The flexibility of the raw data provided allows subscribers to create an infinite number of derivative factors at the Item, Part, and Total Document level. These factors will continue to be explored as an additional source of alpha.

Although this analysis only included factors at the Total Document level, the Management Discussion & Analysis section, and Risk Factors section, other sections within regulatory filings can provide additional insights into a security’s future return. Furthermore, we expect additional insights to be uncovered using natural language processing to quantify the sentiment of the underlying text at the various levels of the document. These analyses and more will be explored by Social Market Analytics and S&P Global in the future.

In April 2020, S&P Global Market Intelligence and Social Market Analytics, Inc. (SMA) launched ‘Machine Readable Filings’ (MRF), a sophisticated textual data offering which applies Parsing and Natural Language Processing to generate machine readable text extracted from SEC Regulatory Filings. Machine Readable Filings allows businesses and investors to incorporate more qualitative measures of company performance into their investment strategy by using machine readable text from full or individual sections of regulatory filings to enhance their analysis of companies. The parsed textual data allows firms to drill down on both historical and new filings in near real-time.  My last blog introduced the product and illustrated some basic return characteristics present in filings word count.

This blog explores the predictive nature of filings using SMA patented NLP and machine learning. For our analysis we used all active securities with a price greater than 5 dollars. Our analysis starts in 2006.  Securities are broken into quintiles based on each factor.  These factors are samples of the extensive metrics that can be created with this data.  Quintiles are re-balanced monthly based on each company’s most recent filing. 10-Q’s are compared to prior 10-Q’s and 10-Ks are compare to prior 10-K’s.  These are not meant to be trading models. They illustrate the predictive power of the data and use as broad a universe as possible. Two interesting distributions are below: distribution of word counts for 10-K (mean 36,000) and distribution of average sentiment.  As you can see companies try and keep the 10-K as upbeat as possible.

Our first factor is Change in Sentiment Hits. Sentiment hits are the number of times our NLP was able to identify a word or segment in a sentence. Positive hits + Negative hits + Neutral hits.  The green line represents filings with the largest increase in sentiment hits while the red line represents filings with the largest decrease in sentiment hits. Large increases in sentiment hits tend to under perform and large decreases in sentiment hits tend to outperform its peers.

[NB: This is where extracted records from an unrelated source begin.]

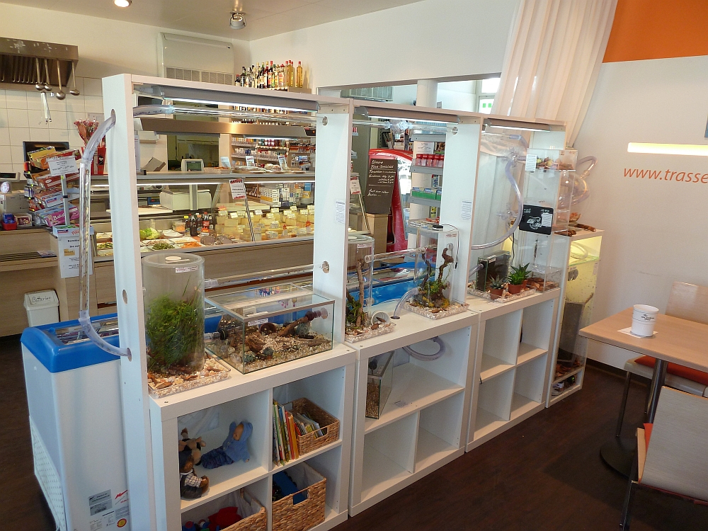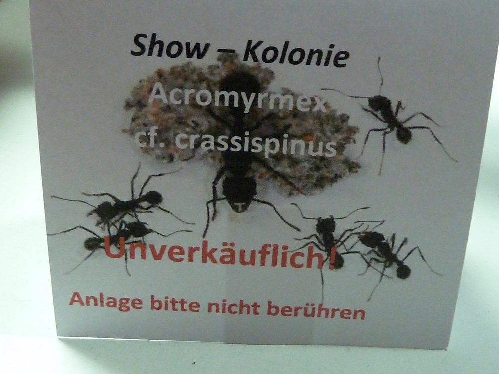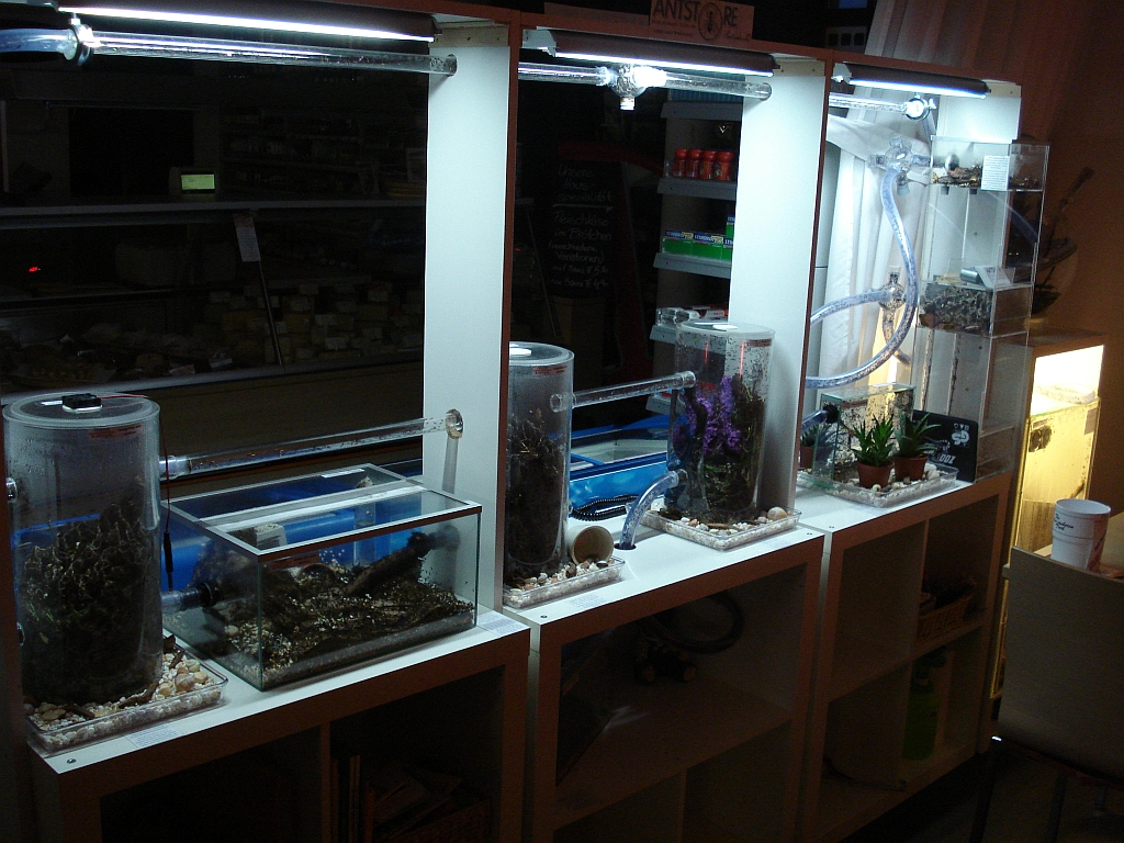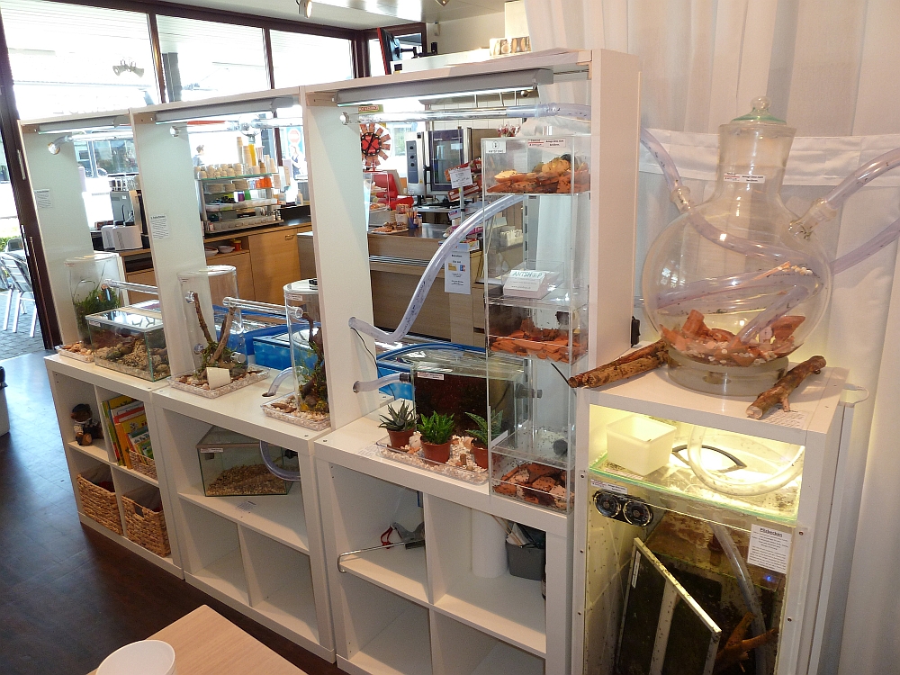 Damit auch alle was zum gucken haben, steht eine schöne Acromyrmex - Kolonie im Geschäft. Nicht nur Ameisen - Fans sind begeistert und schauen denKlienen "Rackern" stundenlang zu. Schlussendlich sind auch diese vom Ameisenfieber angesteckt. Gerne erklären wir den Interessierten die Funktionen der Becken und erläutern die Haltung genauer.
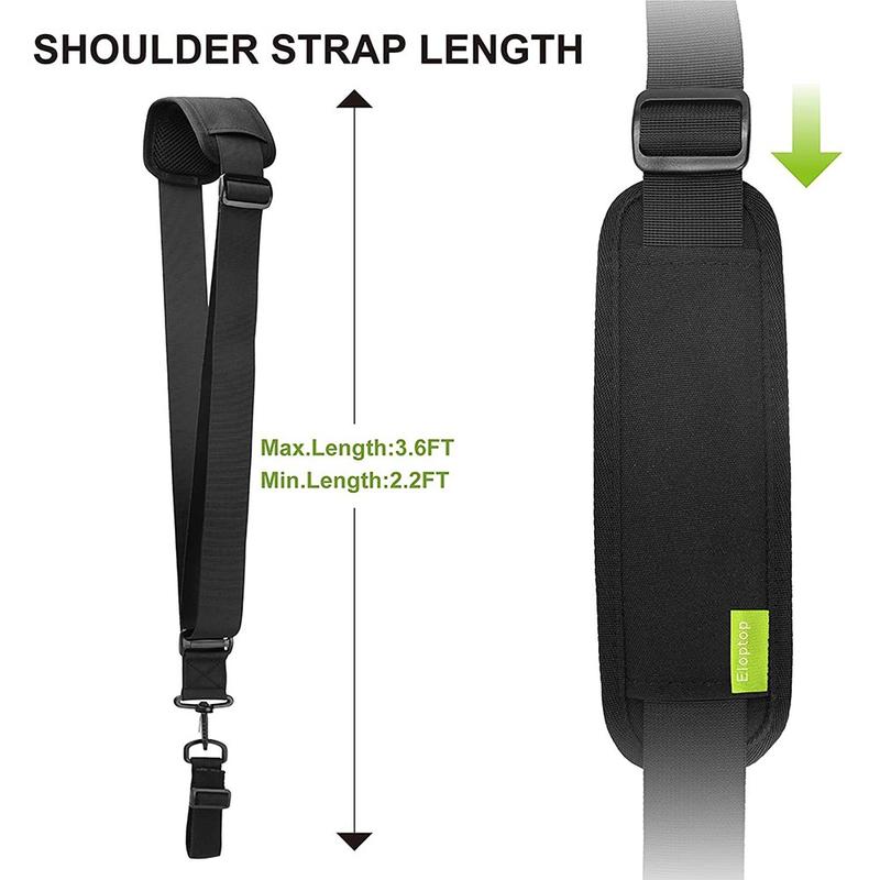 - Largeur confortable : la sangle de 3,8 cm répartit le poids pour réduire la tension sur l'épaule.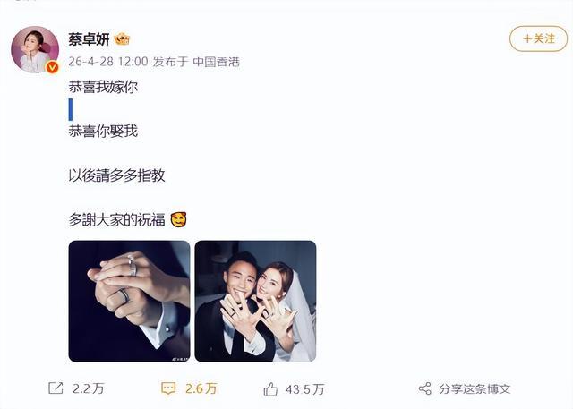 4月28日,蔡卓妍(阿Sa)在微博晒出与小10岁健身教练林俊贤的婚纱照,配文“恭喜我嫁你,恭喜你娶我”,毫无预兆地宣布结婚喜讯,瞬间引爆全网。圈内好友纷纷送上祝福,而歌手于文文在评论区的一则留言,却因过于真实的反应成为焦点。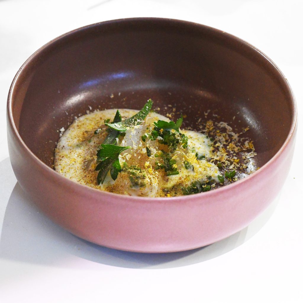 Il giovane chef abruzzese in gara ha portato: come ricetta 0 cotture “La Mugnaia di Mezcal” una sogliola cotta per finta in acqua fredda e come ricetta a lunga cottura “Come un agnello alla brace” un gioco di parole dove ha sostituito una rana pescatrice al posto del carpaccio di manzo e la rapa rossa.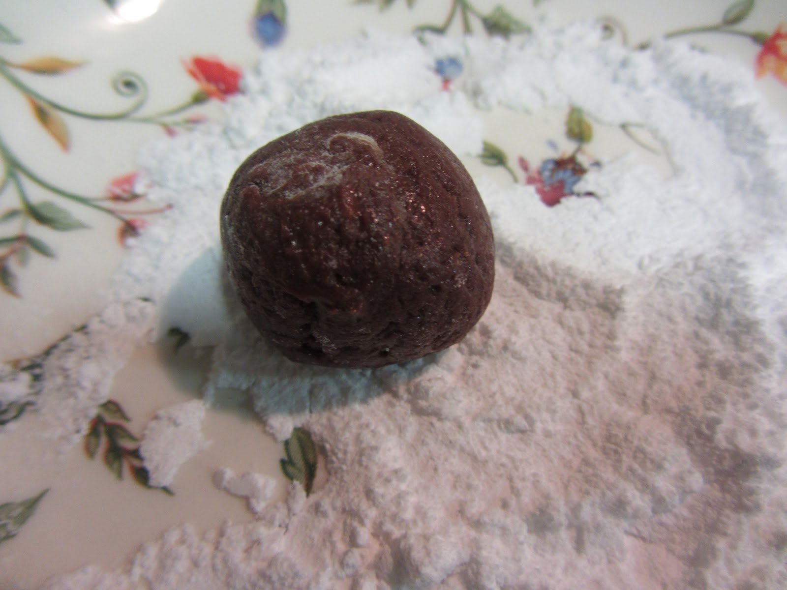Pasado ese tiempo, vamos haciendo bolitas con la masa (del tamaño de un bombón Ferrero Rocher, más o menos)...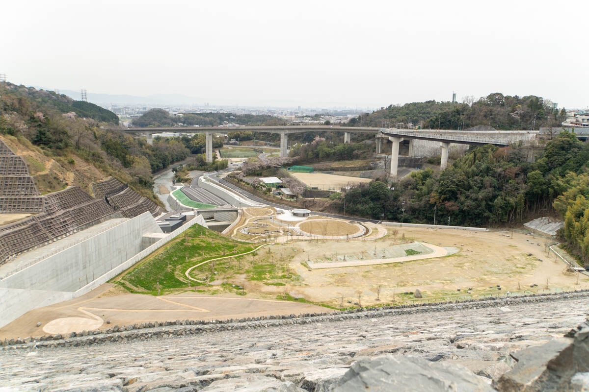 またダム天端道路(歩道)なども開通していましたので、こちらは写真で紹介したいと思います。ちなみに安威川ダムや周辺施設「ダムパークいばきた」については今までにも何度か記事に。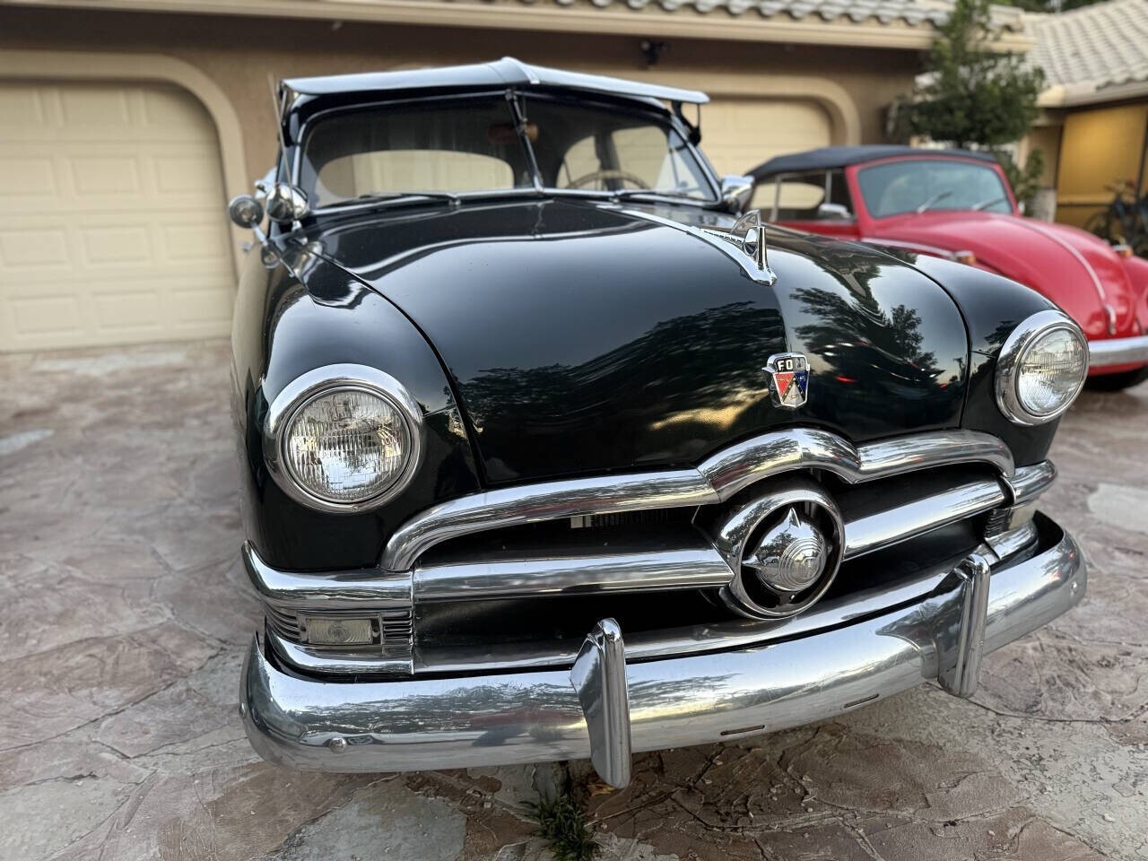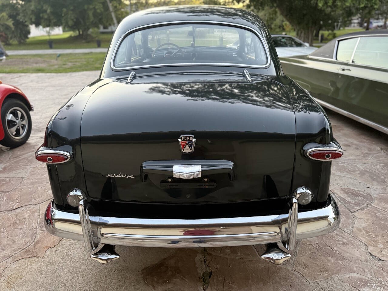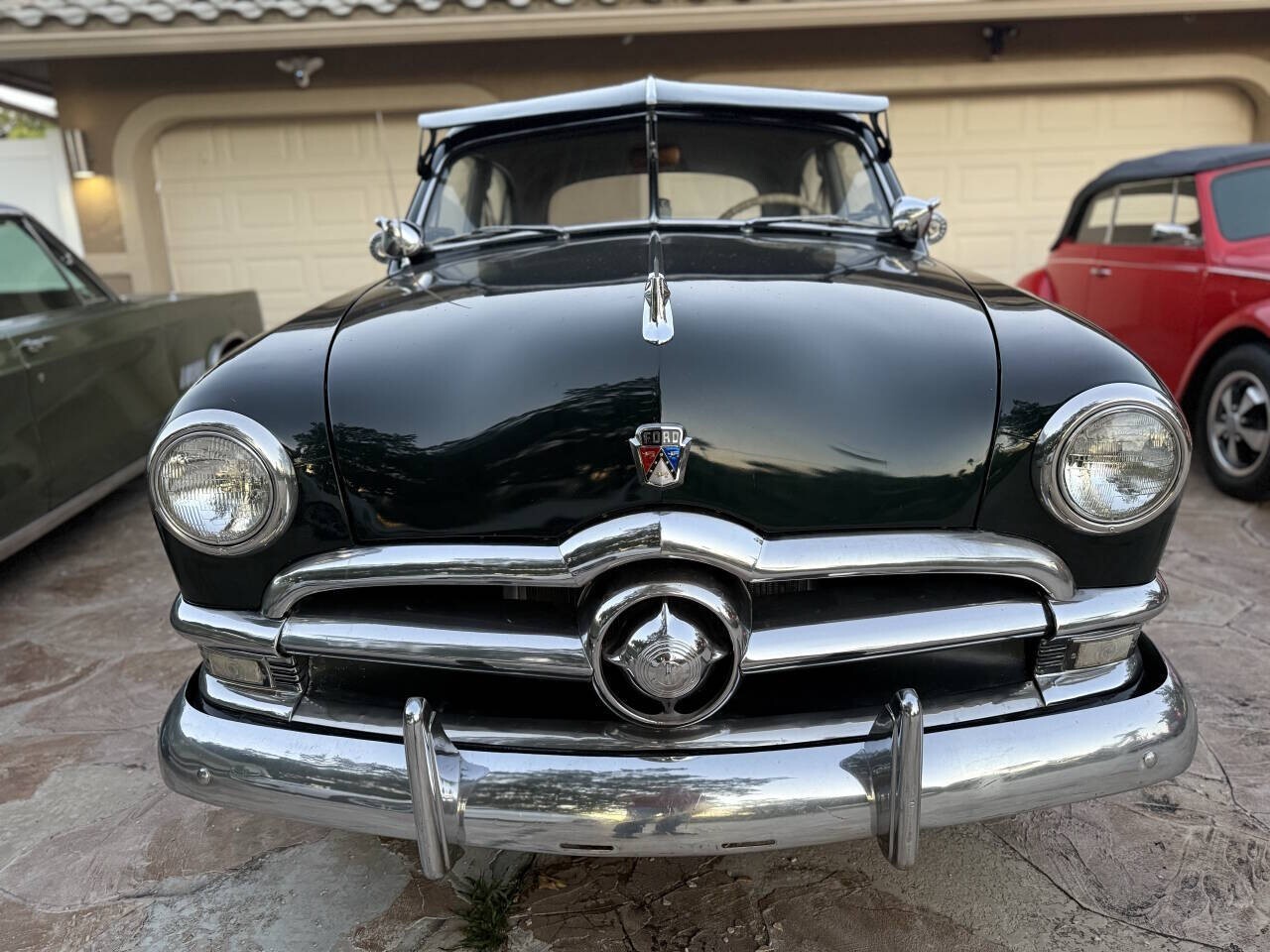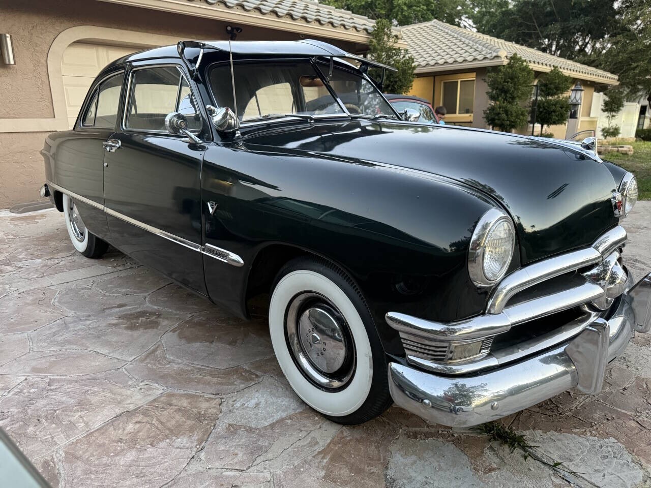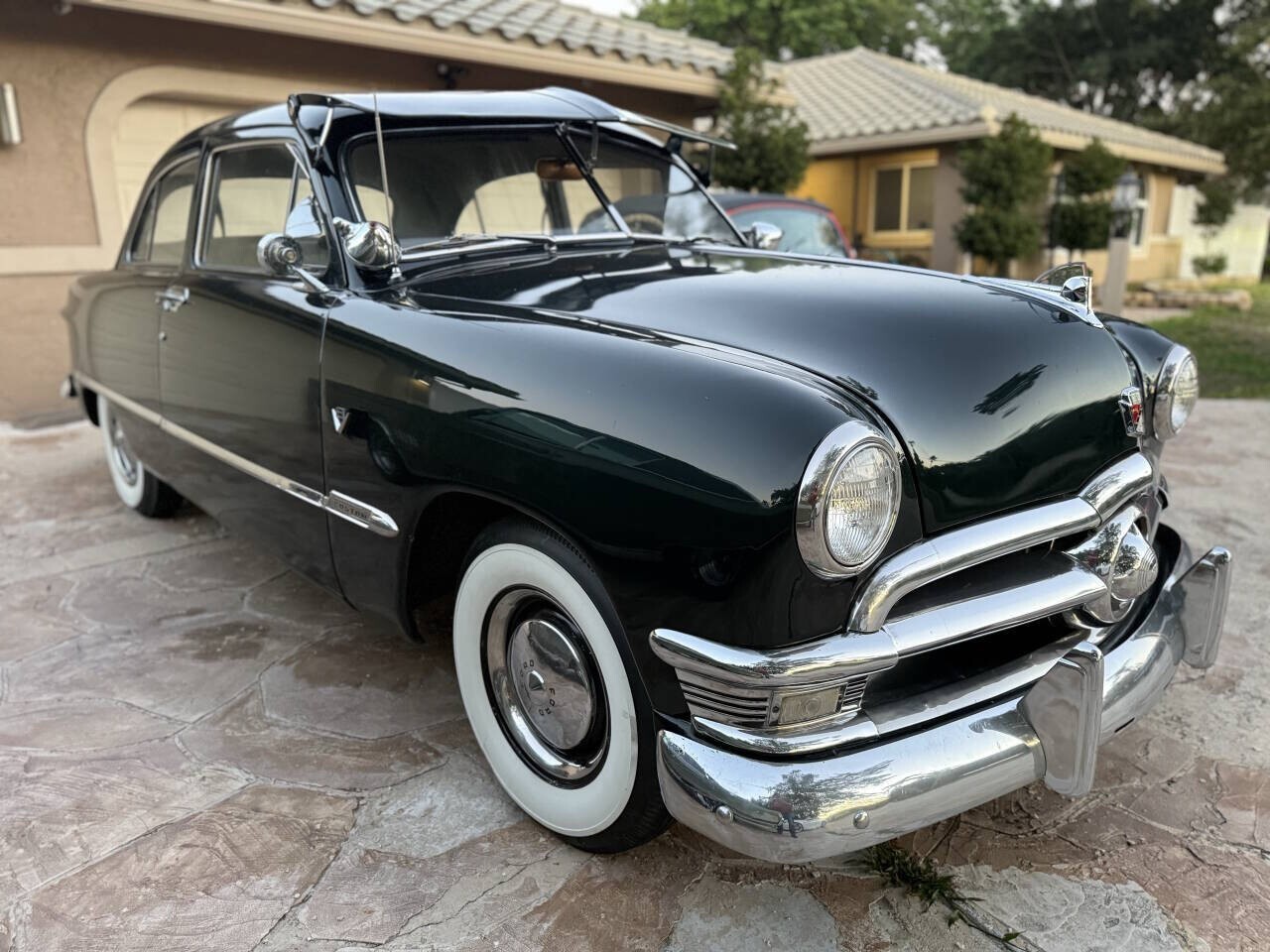 Very nice 1950 Ford 2 door Coupe Shoebox, It has the original Flathead V-8 engine that was rebuilt & Sounds Great. It starts up easily every time, strong runner, runs smooth and cool. It has a nice clean and detailed engine bay with newer 12 Volt battery. It has the original 3 on the tree manual transmission. It shifts nice and smooth! It has new clutch, pressure plate & throw out bearing when engine was overhauled. It has approximately 2000 miles on since resto according to previous owner. The paint is a very dark green color-almost black. The paint is nice & shiny & was done 5 years ago. It has a solid body with no patches or bond. Solid undercarriage that is nice & clean. It has nice sun visor & matching painted fenders skirts included. The glass is all good. The window roll up & down nicely. The car has its original interior that is in very nice shape. This car has dual spotlights. Chrome & stainless trim is all very nice. The dual exhaust sounds nice. It has nice unmolested dash & gauges. Has newer aluminum radiator. The original size bias-ply WWW tires have excellent tread. Clean & Clear title In Hand Ready For New Owner.

The quintile performance characteristics are below.   Although quintile 2 and 3 are out of order you see the average values for those quintiles are near zero.  Quintile 1 outperforms quintile 5 by 3% annualized.

The next factor we are analyze is what percentage of the document does the parser hit.  Many filings are filled with general information not necessarily providing meaningful statements.   The green line represents filings with the highest percentage of sentiment hits in the document while the red line represents filings with the lowest percentage of sentiment hits in the document. A higher percentage of sentiment hits tend to  outperform and a lower percentage of sentiment hits tend to under perform its peers.   Companies with documents containing more meaningful content outperform companies with documents with less meaningful content by about 3.5% annualized.

Quintile 5 – Quintile 1 annualized is 3.5%

The third factor we are exploring is changes in negative hits.  Companies with increasing negative hits are discussing more negative information than prior quarters, they subsequently under perform.  The green line represents filings with the largest increase in negative hits while the red line represents filings with the largest decrease in negative hits. A large increase in negative hits tend to under perform and a large decrease in negative hits tend to outperform its peers.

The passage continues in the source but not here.